BEGIN Entries supplied
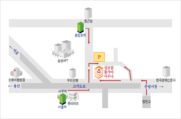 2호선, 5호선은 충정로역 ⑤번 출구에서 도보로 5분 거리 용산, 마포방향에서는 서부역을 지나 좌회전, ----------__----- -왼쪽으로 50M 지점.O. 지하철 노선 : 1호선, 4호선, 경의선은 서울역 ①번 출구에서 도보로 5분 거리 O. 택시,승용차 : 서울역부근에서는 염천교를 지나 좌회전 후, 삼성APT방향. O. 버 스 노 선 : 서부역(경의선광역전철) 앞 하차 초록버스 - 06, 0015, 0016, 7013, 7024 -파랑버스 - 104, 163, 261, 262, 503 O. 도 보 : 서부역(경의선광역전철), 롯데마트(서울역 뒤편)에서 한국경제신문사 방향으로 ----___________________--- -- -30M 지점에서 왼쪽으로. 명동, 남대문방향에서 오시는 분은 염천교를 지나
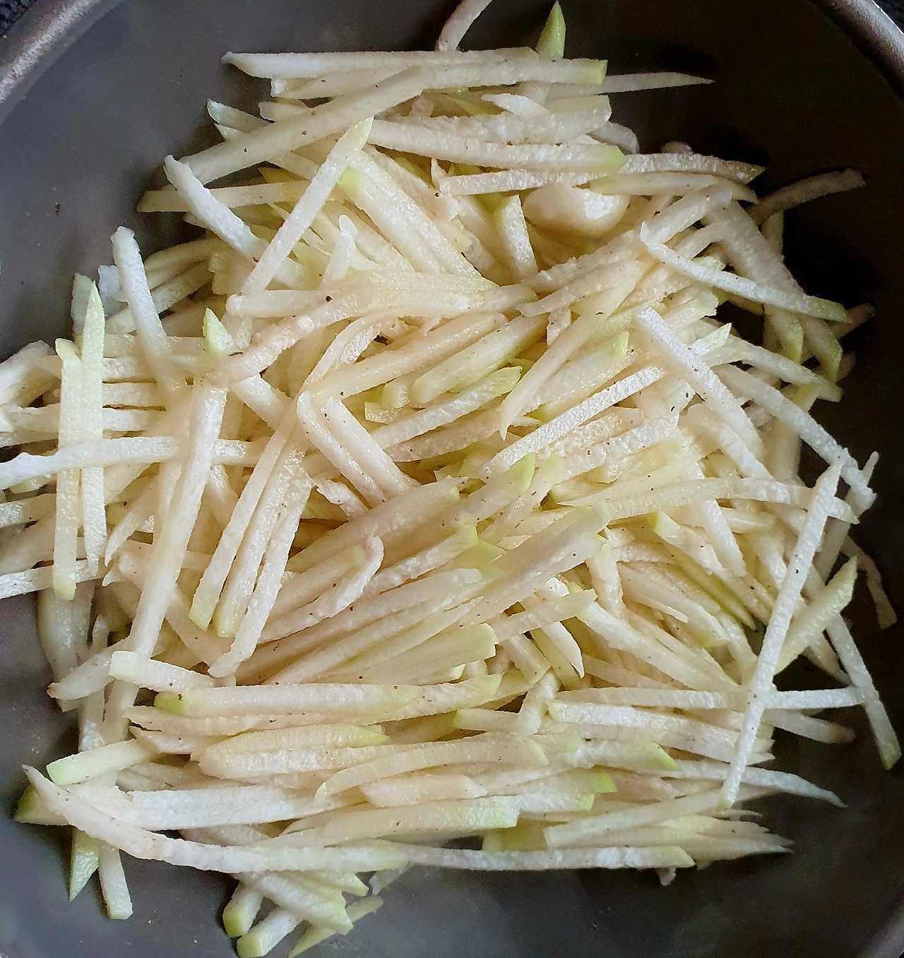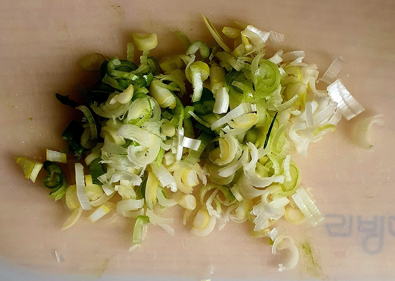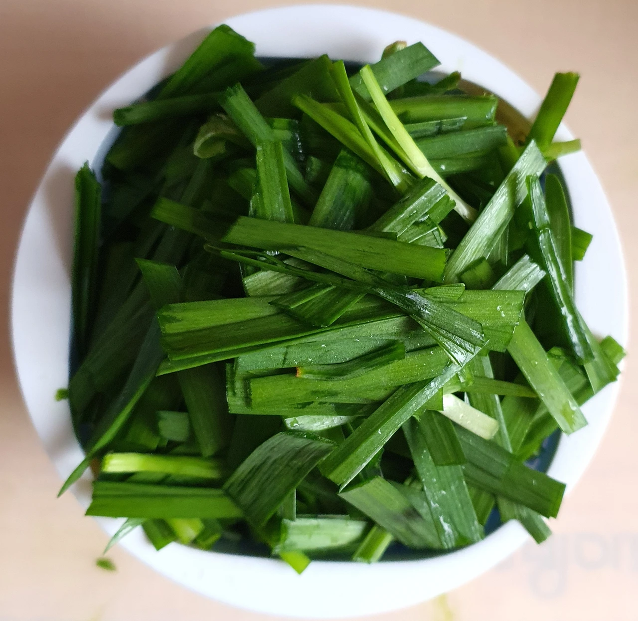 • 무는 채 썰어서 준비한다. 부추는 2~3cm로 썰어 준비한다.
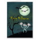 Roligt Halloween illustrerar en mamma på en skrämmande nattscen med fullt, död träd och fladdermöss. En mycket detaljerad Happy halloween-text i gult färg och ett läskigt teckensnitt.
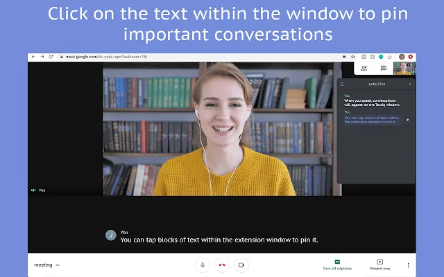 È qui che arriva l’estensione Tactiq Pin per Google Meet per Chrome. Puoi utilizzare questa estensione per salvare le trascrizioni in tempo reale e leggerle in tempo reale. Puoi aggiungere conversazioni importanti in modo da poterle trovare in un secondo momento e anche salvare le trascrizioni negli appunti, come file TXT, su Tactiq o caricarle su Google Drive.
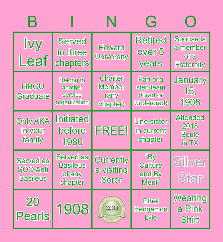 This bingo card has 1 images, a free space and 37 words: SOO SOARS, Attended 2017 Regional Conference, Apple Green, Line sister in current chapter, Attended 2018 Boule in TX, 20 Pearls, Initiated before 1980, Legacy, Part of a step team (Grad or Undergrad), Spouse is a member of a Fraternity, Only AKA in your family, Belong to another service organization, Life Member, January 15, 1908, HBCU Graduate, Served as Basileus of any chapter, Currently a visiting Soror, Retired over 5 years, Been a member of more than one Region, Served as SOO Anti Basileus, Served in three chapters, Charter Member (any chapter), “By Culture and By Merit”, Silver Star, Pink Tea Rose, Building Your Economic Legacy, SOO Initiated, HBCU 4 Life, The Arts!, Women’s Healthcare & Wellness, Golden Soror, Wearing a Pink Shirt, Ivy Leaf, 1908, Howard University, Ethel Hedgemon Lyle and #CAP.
END Entries supplied
● **What you have to do**
Without the pictures, retype each line of the records above exactly.

● **Answer area**
 2호선, 5호선은 충정로역 ⑤번 출구에서 도보로 5분 거리 용산, 마포방향에서는 서부역을 지나 좌회전, ----------__----- -왼쪽으로 50M 지점.O. 지하철 노선 : 1호선, 4호선, 경의선은 서울역 ①번 출구에서 도보로 5분 거리 O. 택시,승용차 : 서울역부근에서는 염천교를 지나 좌회전 후, 삼성APT방향. O. 버 스 노 선 : 서부역(경의선광역전철) 앞 하차 초록버스 - 06, 0015, 0016, 7013, 7024 -파랑버스 - 104, 163, 261, 262, 503 O. 도 보 : 서부역(경의선광역전철), 롯데마트(서울역 뒤편)에서 한국경제신문사 방향으로 ----___________________--- -- -30M 지점에서 왼쪽으로. 명동, 남대문방향에서 오시는 분은 염천교를 지나
 • 무는 채 썰어서 준비한다. 부추는 2~3cm로 썰어 준비한다.
 Roligt Halloween illustrerar en mamma på en skrämmande nattscen med fullt, död träd och fladdermöss. En mycket detaljerad Happy halloween-text i gult färg och ett läskigt teckensnitt.
 È qui che arriva l’estensione Tactiq Pin per Google Meet per Chrome. Puoi utilizzare questa estensione per salvare le trascrizioni in tempo reale e leggerle in tempo reale. Puoi aggiungere conversazioni importanti in modo da poterle trovare in un secondo momento e anche salvare le trascrizioni negli appunti, come file TXT, su Tactiq o caricarle su Google Drive.
 This bingo card has 1 images, a free space and 37 words: SOO SOARS, Attended 2017 Regional Conference, Apple Green, Line sister in current chapter, Attended 2018 Boule in TX, 20 Pearls, Initiated before 1980, Legacy, Part of a step team (Grad or Undergrad), Spouse is a member of a Fraternity, Only AKA in your family, Belong to another service organization, Life Member, January 15, 1908, HBCU Graduate, Served as Basileus of any chapter, Currently a visiting Soror, Retired over 5 years, Been a member of more than one Region, Served as SOO Anti Basileus, Served in three chapters, Charter Member (any chapter), “By Culture and By Merit”, Silver Star, Pink Tea Rose, Building Your Economic Legacy, SOO Initiated, HBCU 4 Life, The Arts!, Women’s Healthcare & Wellness, Golden Soror, Wearing a Pink Shirt, Ivy Leaf, 1908, Howard University, Ethel Hedgemon Lyle and #CAP.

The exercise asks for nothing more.